To Mainland Spain
18 August 2015 | Valencia Spain
Myra Rowling
The morning after the finger incident, we set sail for the mainland at Denia. The sail was champagne sailing, or Bollinger sailing as Margot calls it. Just blue sky, blue sea and Trilogy doing 9 knots steady. We arrived at Denia which is a pretty little town under a large tabletop mountain and with a castle on the hill closest to the marina.
After suffering at the hands of two marina staff, one who didn't speak English and one who was a Latino incompetent lazy sexist sod, we felt safely berthed after an hour and a half. The problem was there was a tangled mess of mooring lines, some too short, some attached to nothing and the terrible two didn't seem to care. Our men folk sorted it out eventually and we had a much needed boat-made sangria. The town was well worth the incompetent marina staff however.
We wandered amongst all the attractive Spanish families on holiday ( what a relief after Sant Antoni!) along the waterfront to Les Barques restaurant, again recommended by TripAdvisor. It was in an atmospheric little square surrounded by pastel painted buildings. We tried tapas again - octopus, cuttlefish, white bait or equivalent, sardines, huevos rotos or broken egg, and the Denia speciality, tomacat. Despite our initial concern, the last was the best - eggplant, tomatoes, garlic, tuna and delicious oil. We then wandered on to the main street where, to our surprise and delight, the annual festival celebrating the Christian victory over the Musselmen was in full swing. It is also the festival of Sant Roc, the patron saint of the town (and the curer and survivor of the plague.)

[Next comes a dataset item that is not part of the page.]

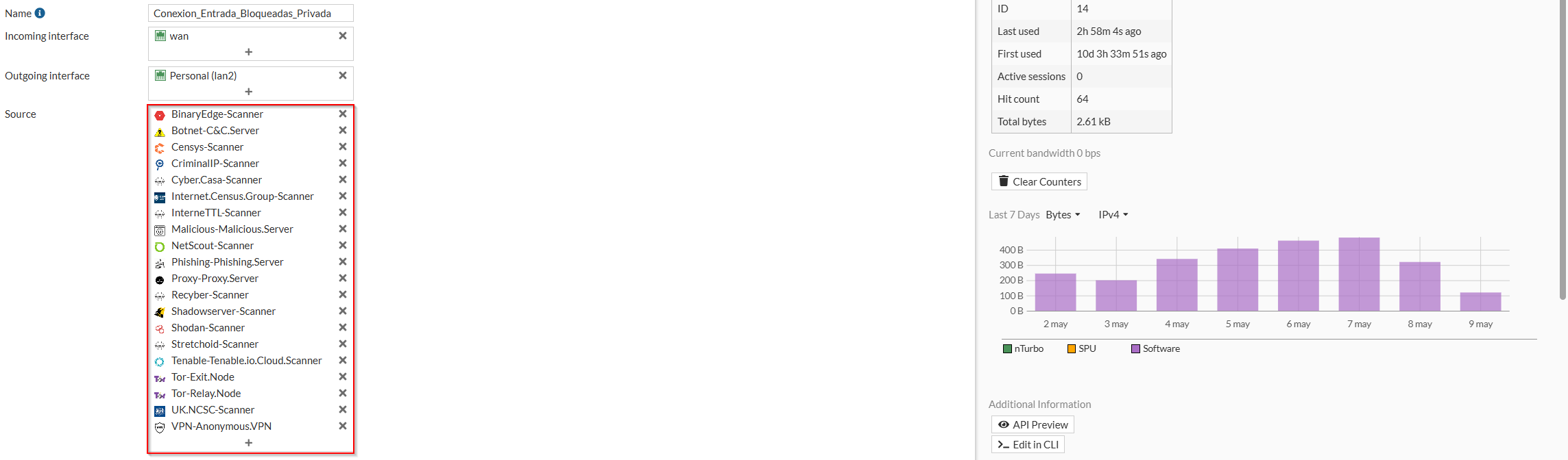 En esta entrada, abordamos una práctica esencial en la configuración de cortafuegos Fortigate: bloquear conexiones de entrada provenientes de fuentes maliciosas conocidas, orientadas a servicios abiertos que no deben estar accesibles desde el exterior.

Men dressed as Turks, with voluminous trousers, velvet vests with Arabic writing on the back, full sleeved shirts and fezzes were obviously going to be the vanquished. Row after row of men (and one of women) dressed in short Roman-like tunics and belts with sandals or calf length boots, led by children carrying a banner and a man with either a blunder bus or twirling staff, came marching along, arms folded and shoulder to shoulder. No wonder they won! Each group had a band behind, which always featured double kettle drums on wheels. One group were called Hospitallers and most wore crosses on their tunics. Another group were Knights in armour and spectacular capes. They finally all gathered on a stage, speeches were made which Google tells us were the Moors and Crusader ambassadors negotiating, and failing and then going into battle. This was probably signified by the blunder busses being fired, which not only startled us but deafened us as well.
We caught a free solar-powered, very slow ferry back to our boat, settled into bed, only to be galvanised out by loud explosions. We were extremely close to, if not on top of, the midnight fireworks display which was spectacular. A great experience and a great festive night.
Next day on to Valencia. It started as Bollinger sailing too, but then got up to around 20 knots so a bit of reefing down and changing of for'sails were required. After a spirited 40 mile sail we made it to Marina Real Juan Carlos 1, a very nice marina that was purpose built for America Cup races.